▸ Working data:
== == ==

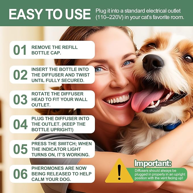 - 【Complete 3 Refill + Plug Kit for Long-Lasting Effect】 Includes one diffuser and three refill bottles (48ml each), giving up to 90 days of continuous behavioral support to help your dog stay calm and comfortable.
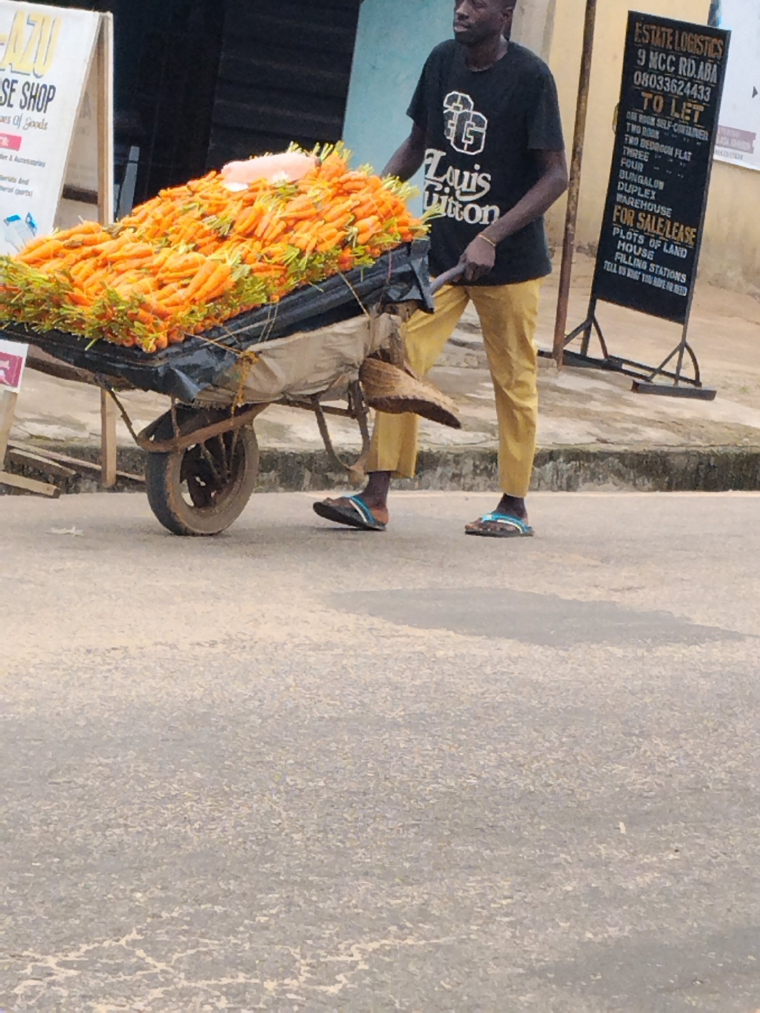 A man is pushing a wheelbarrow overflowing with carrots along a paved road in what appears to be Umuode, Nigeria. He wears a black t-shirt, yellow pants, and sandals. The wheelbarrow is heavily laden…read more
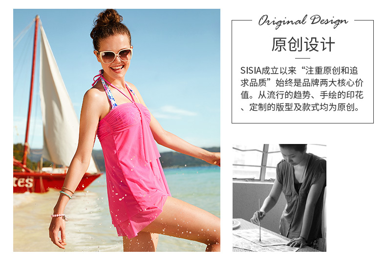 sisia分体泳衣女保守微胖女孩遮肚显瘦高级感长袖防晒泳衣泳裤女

== == ==

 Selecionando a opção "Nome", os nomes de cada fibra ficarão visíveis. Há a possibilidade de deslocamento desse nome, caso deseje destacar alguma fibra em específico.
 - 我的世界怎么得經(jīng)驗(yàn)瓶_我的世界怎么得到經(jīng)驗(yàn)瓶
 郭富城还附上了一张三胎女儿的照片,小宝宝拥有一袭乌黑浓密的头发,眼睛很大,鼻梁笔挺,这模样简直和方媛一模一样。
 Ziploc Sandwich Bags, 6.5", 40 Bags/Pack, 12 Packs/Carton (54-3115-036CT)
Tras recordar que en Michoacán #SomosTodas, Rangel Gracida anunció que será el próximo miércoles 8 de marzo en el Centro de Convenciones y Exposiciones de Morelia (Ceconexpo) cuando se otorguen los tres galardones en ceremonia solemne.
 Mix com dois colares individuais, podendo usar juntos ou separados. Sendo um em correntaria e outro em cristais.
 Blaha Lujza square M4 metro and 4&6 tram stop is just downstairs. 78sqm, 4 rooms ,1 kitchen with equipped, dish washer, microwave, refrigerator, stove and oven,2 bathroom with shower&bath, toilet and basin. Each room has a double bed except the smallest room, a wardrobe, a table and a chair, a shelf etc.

== == ==

▸ Your instructions:
Out of the listing above, reproduce exactly the lines from the one with "12 Packs/Carton (54-3115-036CT)" up to and including the one with "Blaha Lujza square".

▸ Exercise response:
 Ziploc Sandwich Bags, 6.5", 40 Bags/Pack, 12 Packs/Carton (54-3115-036CT)
Tras recordar que en Michoacán #SomosTodas, Rangel Gracida anunció que será el próximo miércoles 8 de marzo en el Centro de Convenciones y Exposiciones de Morelia (Ceconexpo) cuando se otorguen los tres galardones en ceremonia solemne.
 Mix com dois colares individuais, podendo usar juntos ou separados. Sendo um em correntaria e outro em cristais.
 Blaha Lujza square M4 metro and 4&6 tram stop is just downstairs. 78sqm, 4 rooms ,1 kitchen with equipped, dish washer, microwave, refrigerator, stove and oven,2 bathroom with shower&bath, toilet and basin. Each room has a double bed except the smallest room, a wardrobe, a table and a chair, a shelf etc.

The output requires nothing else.